The job. He had not thought about it once since asking Nathan for his opinion.

‘I have. It’s not for me. I need to be hands-on – but you knew that already.’

Paula Devenish looked at him steadily. ‘Yes. I’m not surprised, though I wish you felt otherwise.’

‘No you don’t. Nor does the force. It needs a very different sort of person. Actually, it’s got what it needs already. You’re not going to change your mind?’

She shook her head. ‘We all hate change,’ she said, opening her laptop. ‘But we also need the shake-up we get along with it.’

They did not speak again until the train was drawing into Bevham Station, where the Chief’s car had just pulled up at the forecourt entrance. Simon’s was stowed away in the multi-storey opposite.
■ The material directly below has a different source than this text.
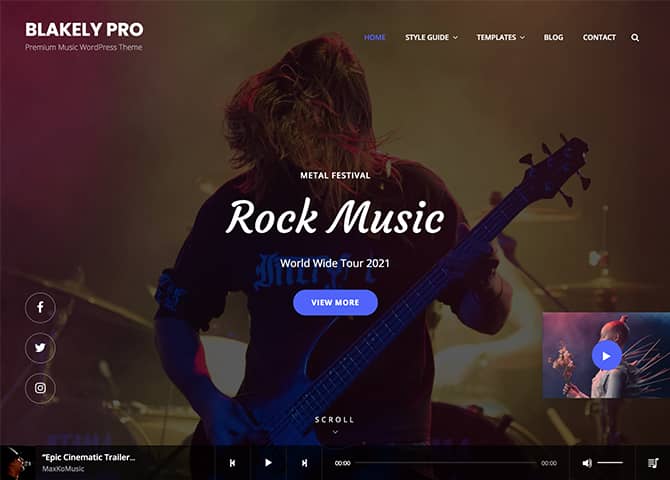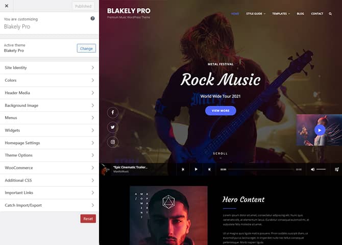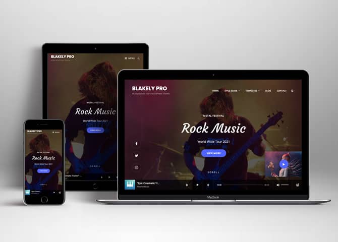 Blakely Pro is a Premium Dark Music WordPress theme that is ideal for building music websites. The theme is suitable for Solo Musicians, Bands, Artists, and Projects related to the music industry. Blakely Pro comes with a dark color scheme which is quite trending among music sites nowadays. The dark design makes your music site bold, beautiful, and classy. The theme is extremely easy to use and also fully responsive. Your music website will look amazingly perfect across all devices and screen sizes. This dark multipurpose music WordPress theme, Blakely Pro carries an abundance of crucial features and functionalities. For instance, Dark Music Design, Album, App Section, Contact, Countdown, Featured Video, Featured Slider, Featured Content, Gallery, Hero Content, Logo Slider, Menu Options, Playlist, Pop Up Video, Portfolio, Promotion Headline, Stats, Sticky Playlist, WooCommerce Products Showcase, Sections Sorter, Testimonials, Team, WPML Ready, and many more. All of these highly-customizable features and sections are completely responsive and absolutely easy to customize. Build a bold, beautiful, and chic music website in just a few minutes with Blakely Pro!

He appreciated the fact that she had not harangued him about the murders, though she would be as concerned as he was to make progress. She had not taken advantage of having him trapped in a seat opposite her. She delegated. She trusted. She knew when to leave someone to get on with their job.

He was going to miss her.

Forty-six

NONE OF THE team spoke in answer to Serrailler’s question. He looked around, puzzled.

‘What’s going on here?’

After a second, Ben said, ‘I think it means just that, guv. There’s nothing going on. Nobody’s found a single thing. We’ve all come up against a sort of hole in the ground.’

‘Into which this Alan Keyes fell.’

They all piped up.

‘Nothing in the electoral rolls, nothing in any of the civil registers . . . he hasn’t married, had children or died.’

‘Nothing in employment records.’

‘I’ve been onto every employer large and small. No one’s taken on a builder of that name, permanent or temp, in the last ten years.’

‘What’s the radius?’

‘Employment – fifty miles of here, guv.’

‘But civil registers, guv – we’re talking nationwide. I’ve done a full trawl.’

‘Prisons? Mental institutions?’

Heads were shaken.

‘Like I said – he’s dropped down a big black hole, guv. It’s like he just ceased to exist.’

Simon stood up and banged his hand on the table. ‘That’s it. Got it.’